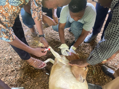 Lors des différentes activités de diagnostic réalisées dans le cadre du Projet P3V, il a été noté une mise en œuvre limitée des enseignements cliniques et pratiques dans les établissements partenaires. Pourtant de l’avis des différentes parties prenantes, la formation clinique et pratique doit constituer un point essentiel de la formation des paraprofessionnels vétérinaires (PPV). Ainsi un besoin de renforcement de la formation clinique et pratique a été exprimé par les établissements de formation. La réponse à ce besoin s’est dans un premier temps matérialisée par l’intégration, dans les curricula de formation des PPV développés et adopté en 2022, d’enseignements en lien avec la formation clinique et pratique. Par la suite, le Projet P3V a appuyé chacun des établissements de formation en matériel vétérinaire et de laboratoire. Ce matériel était constitué de matériel d’aide à l’examen clinique et à la thérapeutique (thermomètres, stéthoscopes, seringues automatiques pour ruminants et la volaille, etc.), du matériel de prélèvements d’animaux (aiguilles, portes tubes, tubes de prélèvements de sang et de fèces, écouvillons, etc.), du matériel de gestion de la biosécurité (gants, poubelles, désinfectants, etc.), et du matériel d’analyse microbiologiques et parasitologiques (tubes à essai, microscopes photoniques, lames et lamelles, kits de coloration, etc.). Ce matériel a été réceptionné dans les établissements et une salle a été identifiée pour la disposition du matériel et l’exécution des activités de formation clinique et pratique.
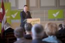 Ministru prezidents Valdis Dombrovskis uzrunā klātesošos partijas ...
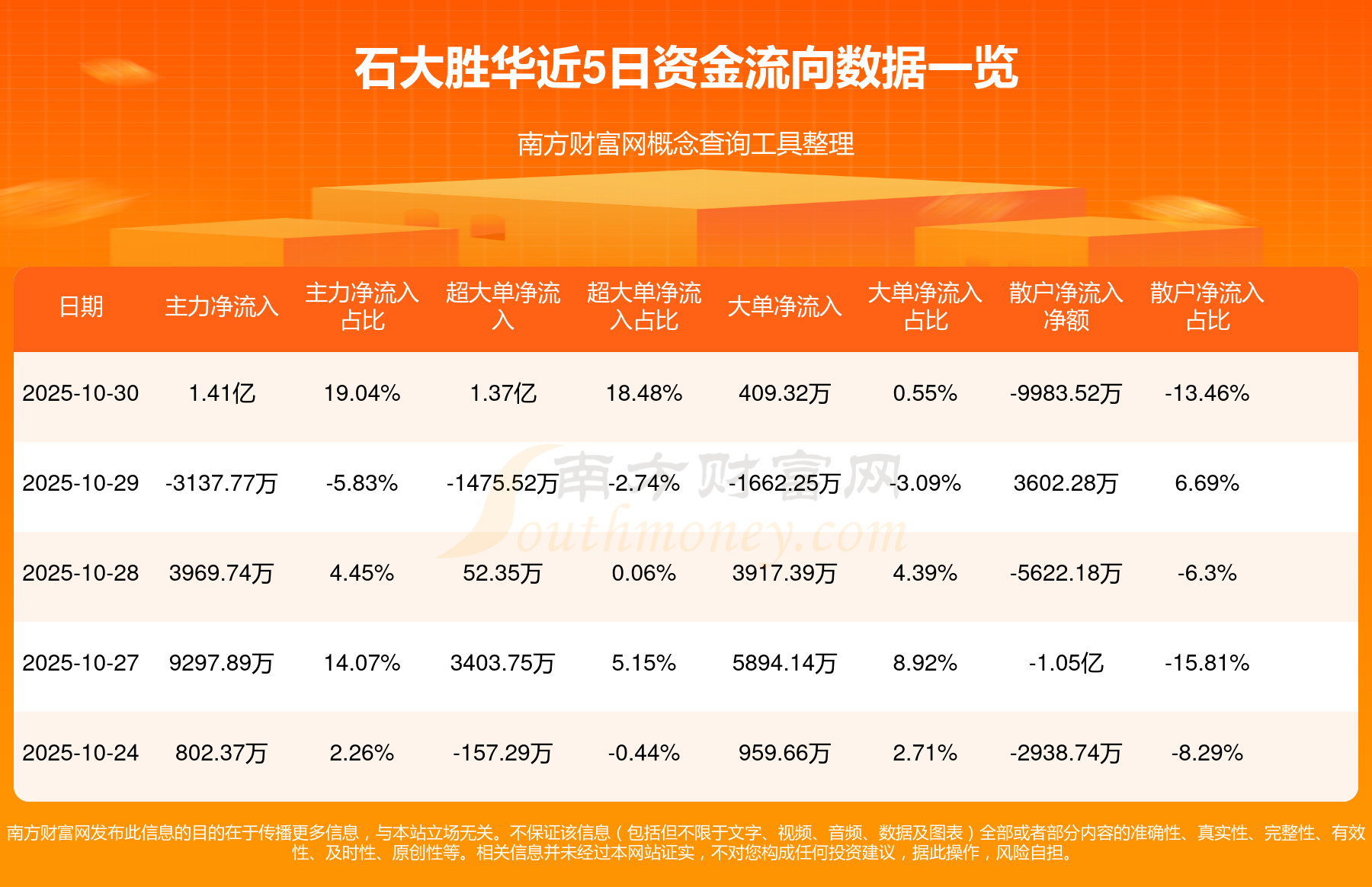 10月30日消息,石大胜华主力资金净流入1.41亿元,超大单资金净流入1.37亿元,散户资金净流出9983.52万元。
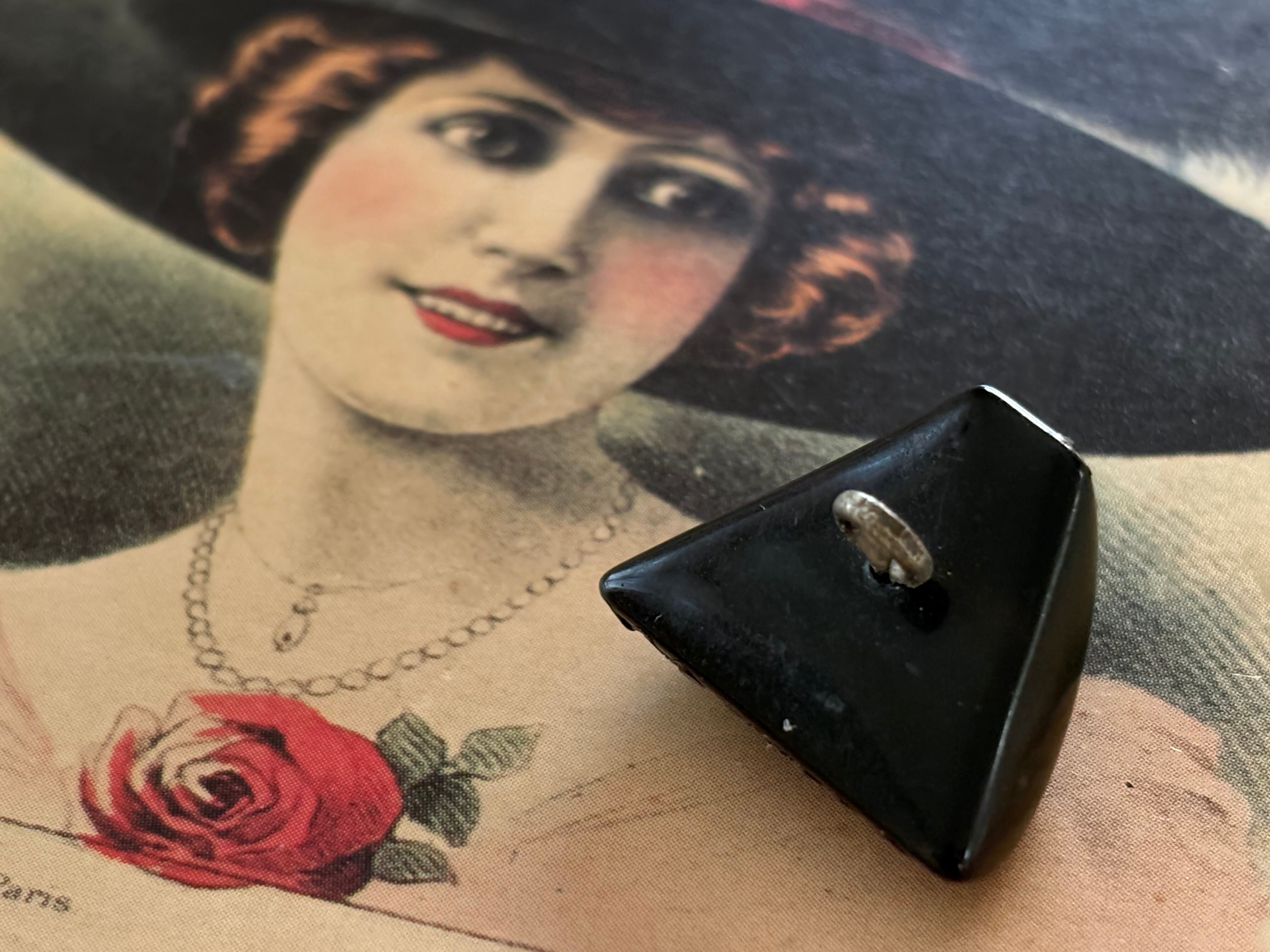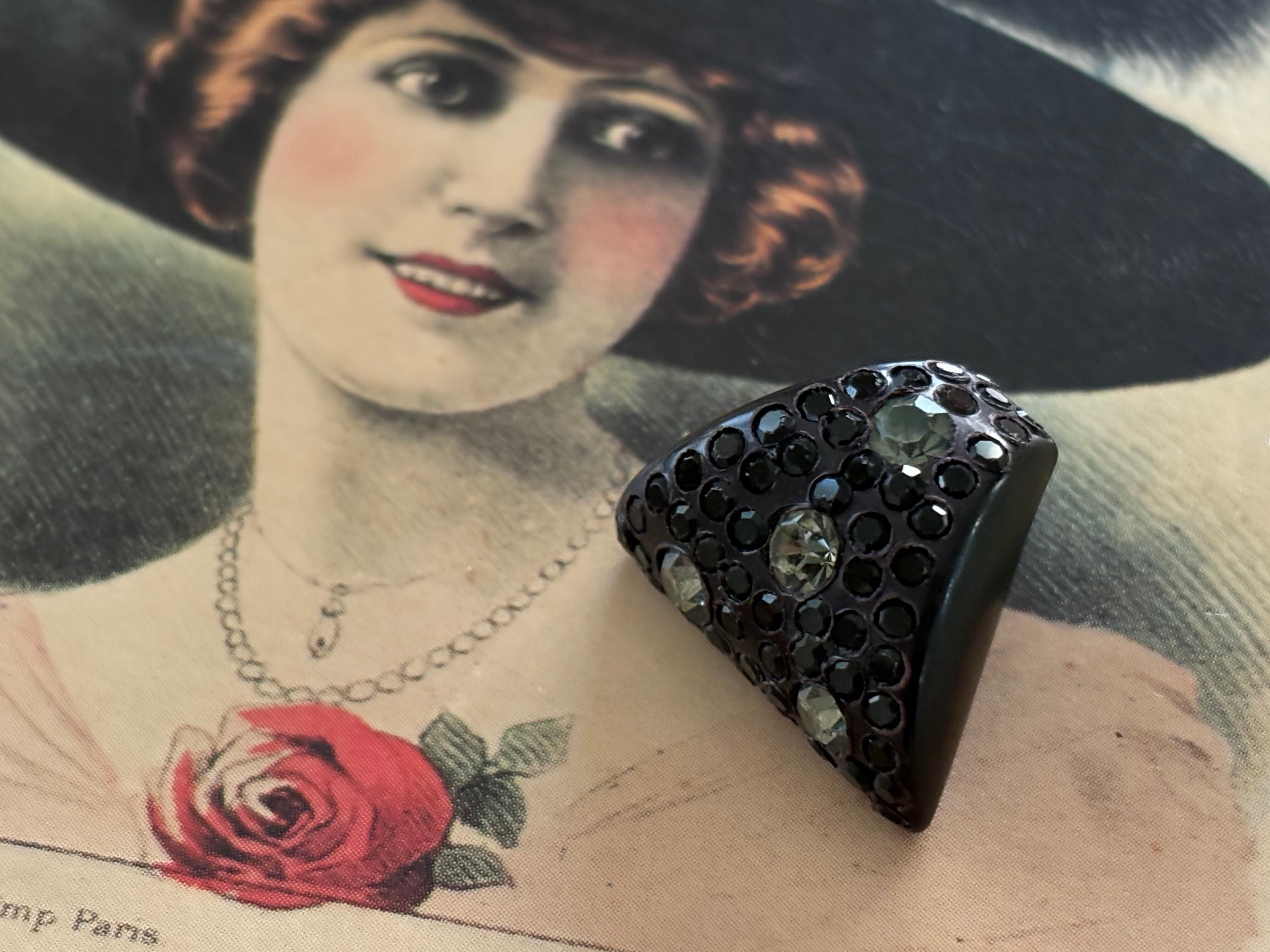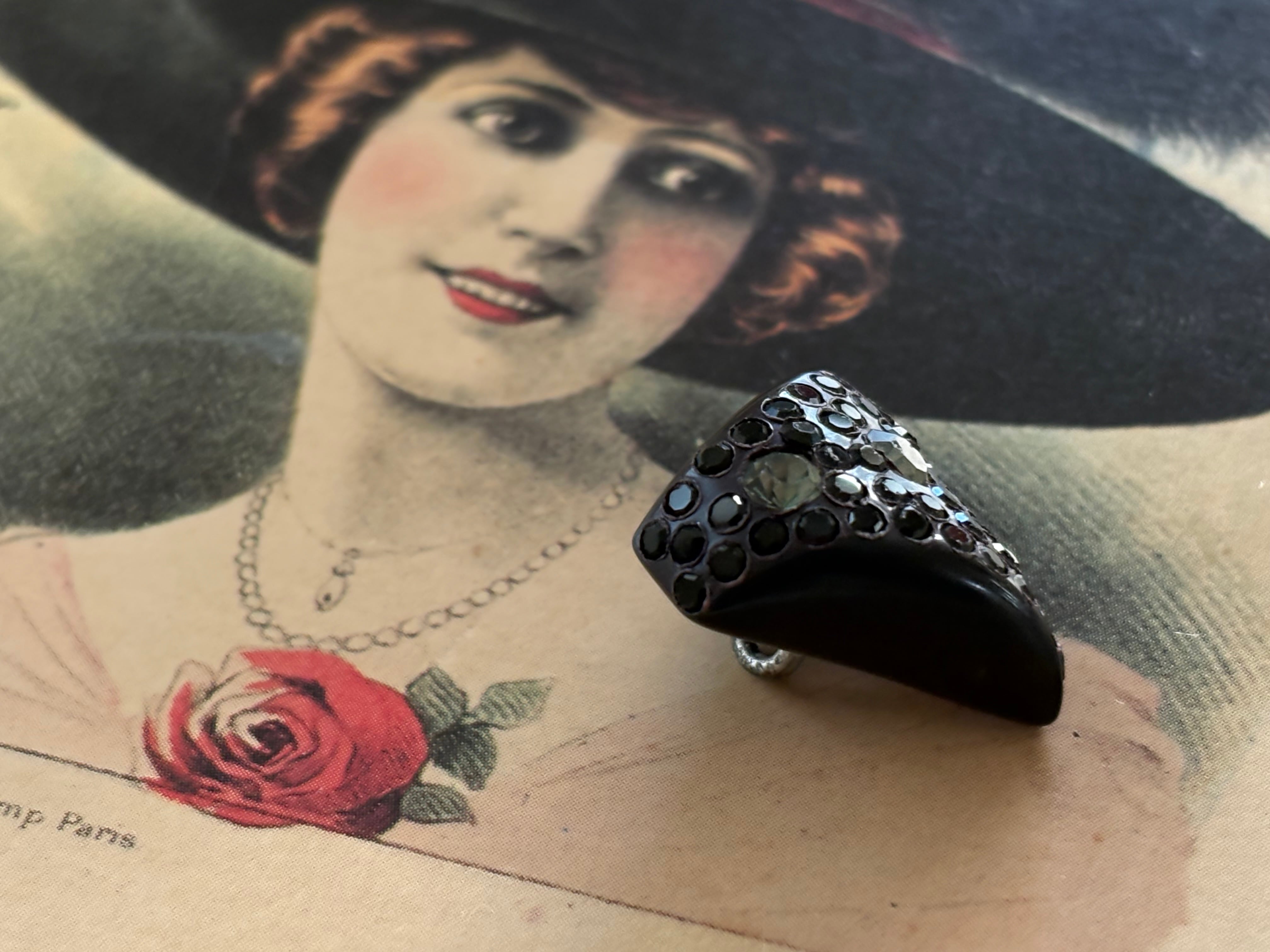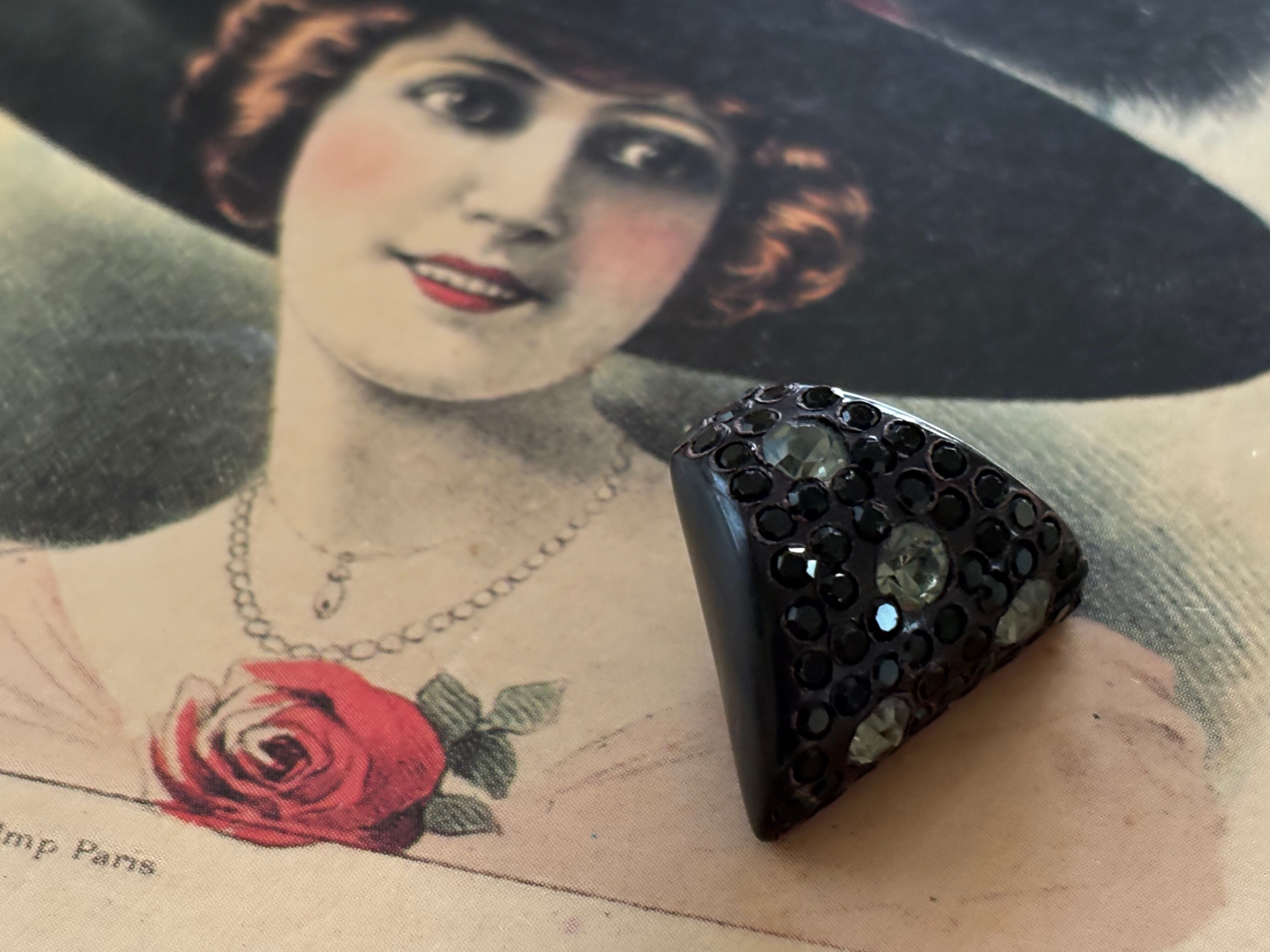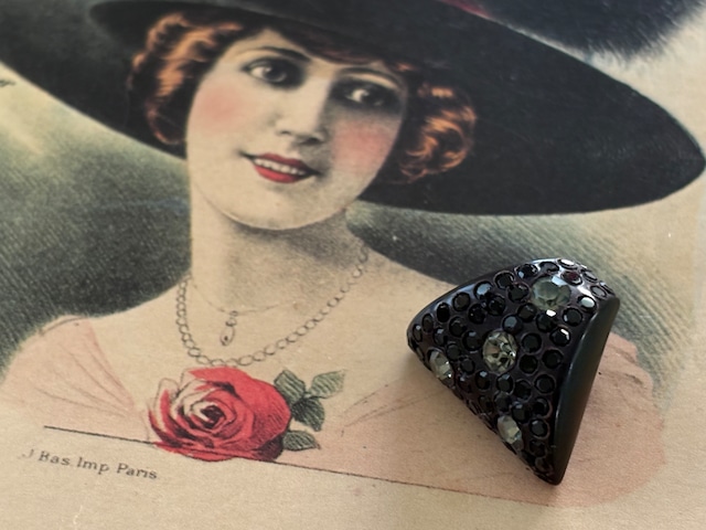 17×21mm Japanese ヴィンテージボタン ストーン ブラックドーム型 アクセサリーパーツ 装飾材 カルトナージュ

┄┄┄┄┄┄┄┄┄┄

### Problem statement
Please retype the listing in full, exactly as given, and skip every image.

### Exercise solution
 Lors des différentes activités de diagnostic réalisées dans le cadre du Projet P3V, il a été noté une mise en œuvre limitée des enseignements cliniques et pratiques dans les établissements partenaires. Pourtant de l’avis des différentes parties prenantes, la formation clinique et pratique doit constituer un point essentiel de la formation des paraprofessionnels vétérinaires (PPV). Ainsi un besoin de renforcement de la formation clinique et pratique a été exprimé par les établissements de formation. La réponse à ce besoin s’est dans un premier temps matérialisée par l’intégration, dans les curricula de formation des PPV développés et adopté en 2022, d’enseignements en lien avec la formation clinique et pratique. Par la suite, le Projet P3V a appuyé chacun des établissements de formation en matériel vétérinaire et de laboratoire. Ce matériel était constitué de matériel d’aide à l’examen clinique et à la thérapeutique (thermomètres, stéthoscopes, seringues automatiques pour ruminants et la volaille, etc.), du matériel de prélèvements d’animaux (aiguilles, portes tubes, tubes de prélèvements de sang et de fèces, écouvillons, etc.), du matériel de gestion de la biosécurité (gants, poubelles, désinfectants, etc.), et du matériel d’analyse microbiologiques et parasitologiques (tubes à essai, microscopes photoniques, lames et lamelles, kits de coloration, etc.). Ce matériel a été réceptionné dans les établissements et une salle a été identifiée pour la disposition du matériel et l’exécution des activités de formation clinique et pratique.
 Ministru prezidents Valdis Dombrovskis uzrunā klātesošos partijas ...
 10月30日消息,石大胜华主力资金净流入1.41亿元,超大单资金净流入1.37亿元,散户资金净流出9983.52万元。
 17×21mm Japanese ヴィンテージボタン ストーン ブラックドーム型 アクセサリーパーツ 装飾材 カルトナージュ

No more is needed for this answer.